= John Maxwell, 4th Lord Maxwell =

Scottish nobleman

John Maxwell, 4th Lord Maxwell (died 9 September 1513) was a Scottish nobleman and patriarch of the Border Family / House / Clan of Maxwell.

==Origins==
Maxwell was the eldest son and heir of John Maxwell, 3rd Lord Maxwell (died 1484) and Janet, the daughter of George Crichton, 1st Earl of Caithness. The Maxwells were an ancient House / Family from the Scottish Borders, whose chief seat was at Caerlaverock Castle near Dumfries.

==Career==
Maxwell was infefted in his grandfather's lands at Carnsalloch on 8 May 1485 and was served heir to his father in the lands of Maxwell on 29 April 1486. In 1486 he was also appointed Warden of the West Marches. In October 1488 he attended the first Parliament of James IV.
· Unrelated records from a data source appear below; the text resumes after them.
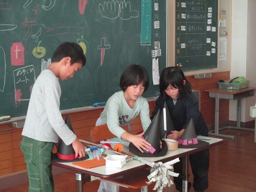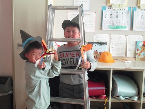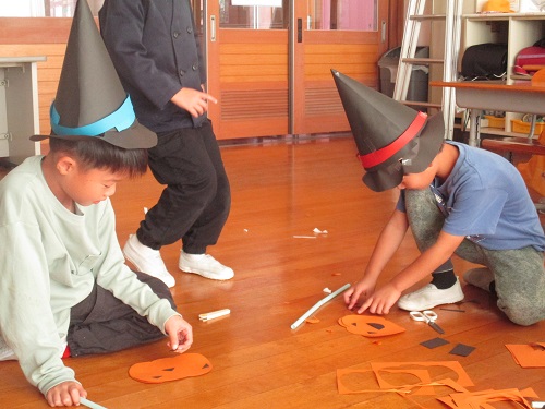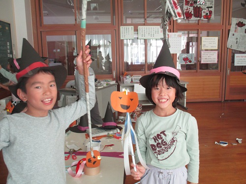 2年生 ハロウィンパーティー 2025年11月4日 最終更新日時 : 2025年11月4日 takinoyaes 10月30日(木)、2年生がハロウィンパーティーをしました。大きな帽子や、ステッキ、おばけなど、楽しそうに作っていました。 Post Views: 15
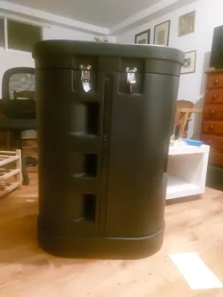 Expositor negro para publicidad o eventos. Su diseño es robusto y fácil de transportar. - Material resistente. - Cierres de seguridad.
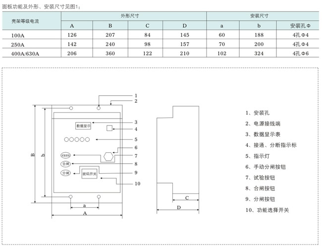 ·额定电压:380V220V三相四线 ·额定频率:50Hz ·额定电流:63A、100A、160A、200A、250A、400A、630A ·额定辅助电源电压:220V(进线端左面1接N,进线端右面1接A相) ·剩余动作电流:1000mA ·额定漏电动作电流:100mA、300mA、500mA、1000mA ·额定漏电动作电流:50mA、150mA、250mA、500mA ·突变电流:50mA、75mA ·缓变电流:300mA ·自动跟踪定档:200mA、400mA、600mA、800mA、1000mA ·额定分断时间:0.2S、0.3S、0.5S、1.0S(出厂设定在0.3S) ·延时重合闸:20S~60S ·欠压动作值单相155V±5%(电压恢复正常后能自动重合闸) ·过压操动作值单相280V±5%(电压恢复正常后能自动重合闸) ·显示漏电自动跟踪定档值 ·具有自动记忆功能 ·漏电动作值特陛分类: AC型 ·额定极限短路分断能力见 表1 ·过电流脱扣器保护特性见 表2 ·本产品符合:GB1 4048.2-2008
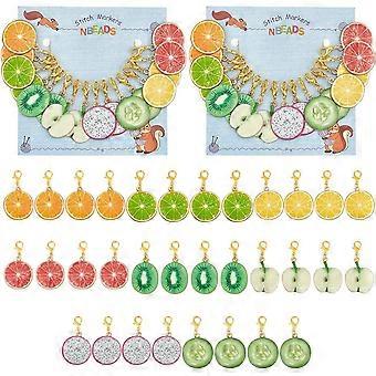 Fruit Slice Pendant Stitch Markers Alloy Enamel Crochet Lobster Clasp Charms Locking Stitch Marker with Wine Glass Charm Ring Mixed Color 3.7~4cm 8 st
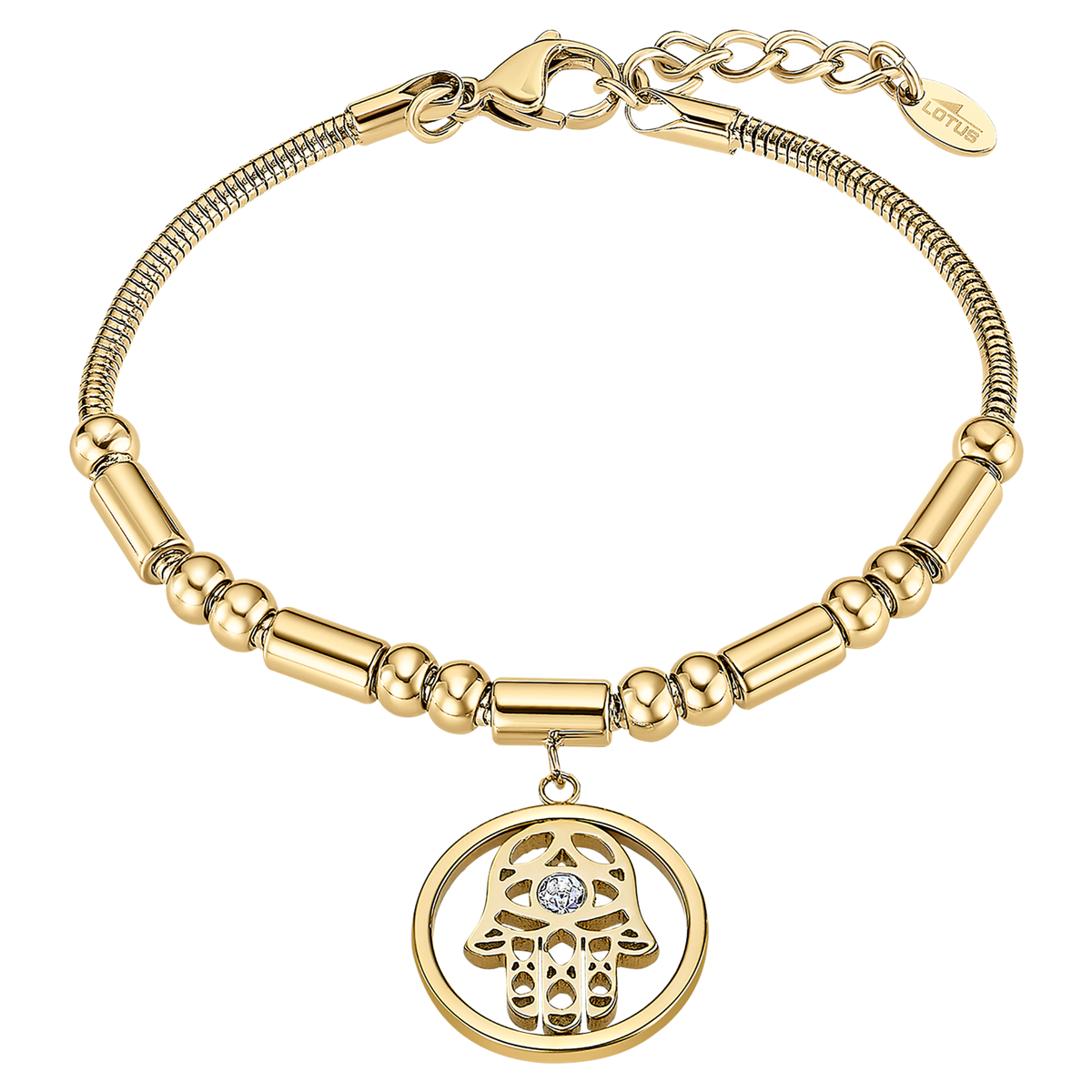 Pulsera Acero Dorado Lotus Style Mujer LS2465-2/2 Mano De Fátima Circonitas
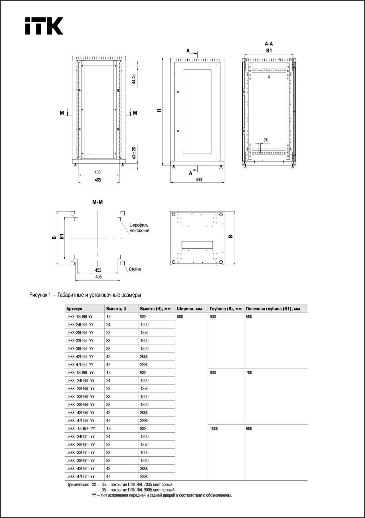 - 19" монтажные профили регулируются по глубине и имеют цифровую маркировку высоты в юнитах.
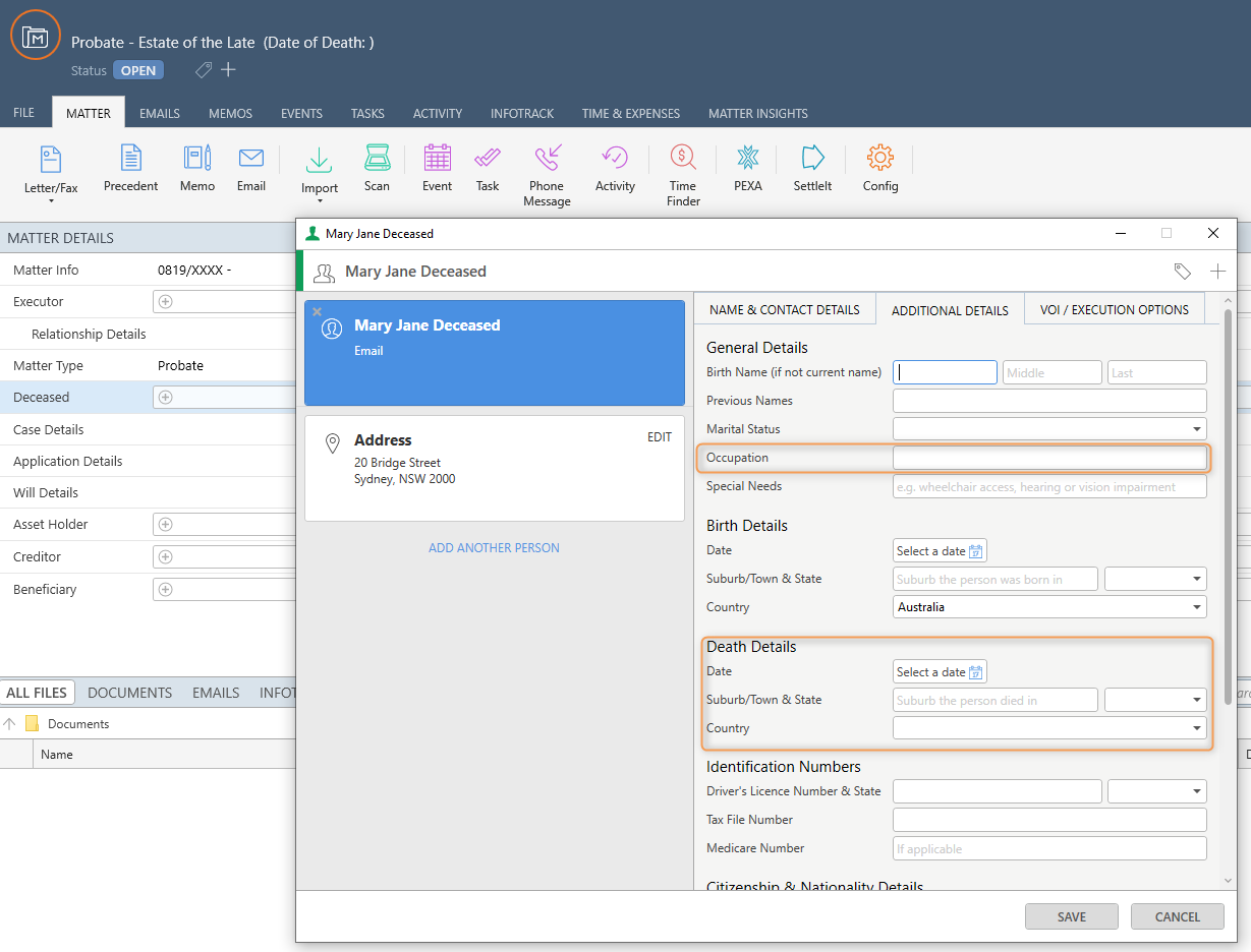 6. Go to Advanced view > Additional Details on the Deceased Card to enter the Occupation and Death Details
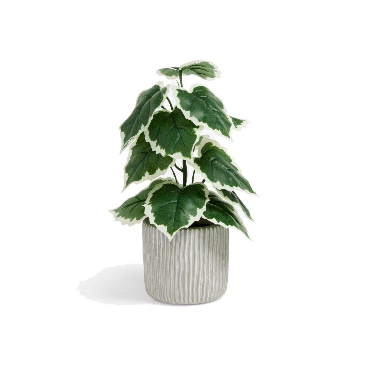 Bring a sense of nature home with this artificial variegated fig plant in a ribbed cement pot, a striking contrast of texture and tone. Very low maintenance — just give it a little dust now and then.
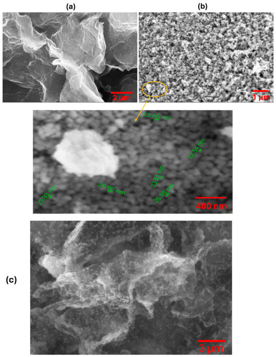 SEM micrographs provide detailed insights into the morphological characteristics of N-rGO and NiO NPs and NiO/N-rGO deposited film. As shown in Figure 3a, N-rGO exhibits a distinctive folded 2D graphene flake structure, reflecting the effects of the reduction and nitrogen doping processes [14]. The observed wrinkles and corrugations are likely due to the intercalation of nitrogen atoms within the graphene layers [9]. In contrast, the NiO surface, presented in Figure 3b, reveals a distribution of spherical nanoparticles with comparable sizes. Additional details on the size distribution of NiO nanoparticles are presented in the histogram shown in Figure S2 (Supplementary Information). Figure 3c confirms the successful attachment of the deposited NiO NPs onto N-rGO sensing film. This is further supported by TEM analysis results.
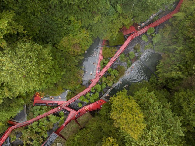 - 18 Piscinas Termales: Distribuidas a lo largo del cañón, las piscinas varían en tamaño y profundidad, ofreciendo diferentes experiencias de inmersión. Construidas con piedra local, se mimetizan con el paisaje, creando un ambiente de serenidad y armonía.
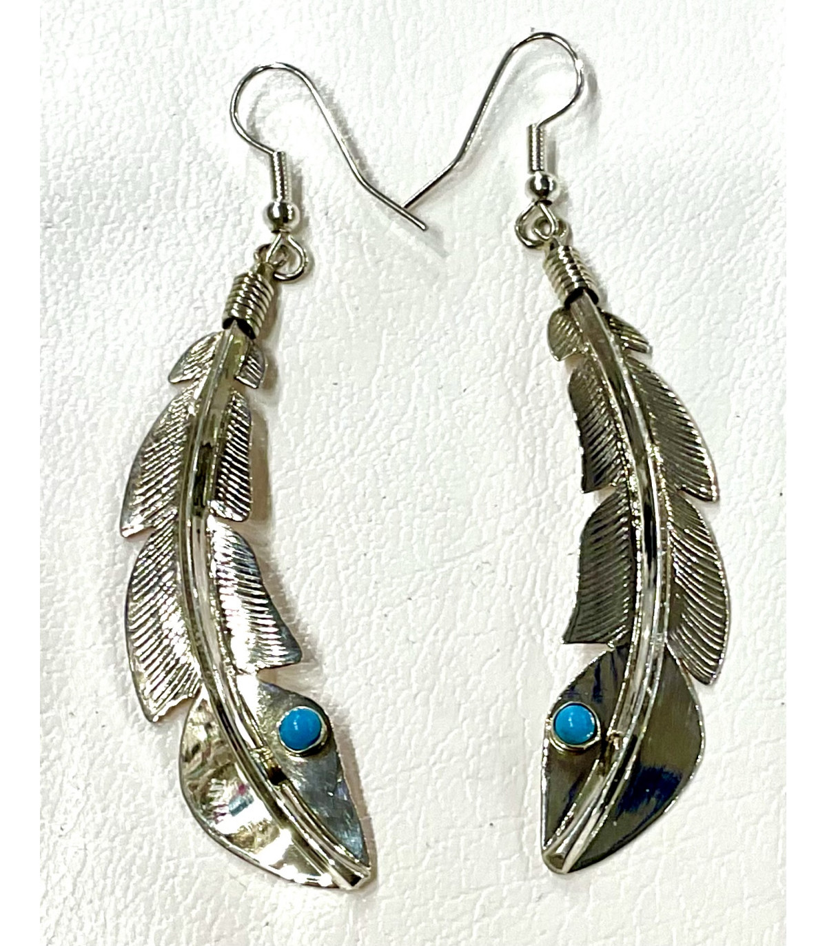 Pendientes en plata de ley 925, con turquesa, hechos a mano por la tribu de los indios nativos americanos Zuni. Medidas largo 7,5 cm.

The most notorious incident of Maxwell's career was his violent assault on 30 July 1508 on Robert Crichton, 2nd Lord Crichton of Sanquhar outside the court-house in Dumfries, where Crichton was holding assizes. The Maxwells and Crichtons had long competed for influence in Nithsdale and, accompanied by William Douglas of Drumlanrig, Maxwell led a considerable force into the town from the south. Bishop Lesley provided the following summary of subsequent events: "Lord Creychton was chaissit with his company frae Drumfries, and the Laird of Dalyell and the young laird of Cranchlay slain, with divers uthers, quhairof thair appeared greit deidly feid and blushed". It appears that Maxwell went largely unpunished for his part in this episode.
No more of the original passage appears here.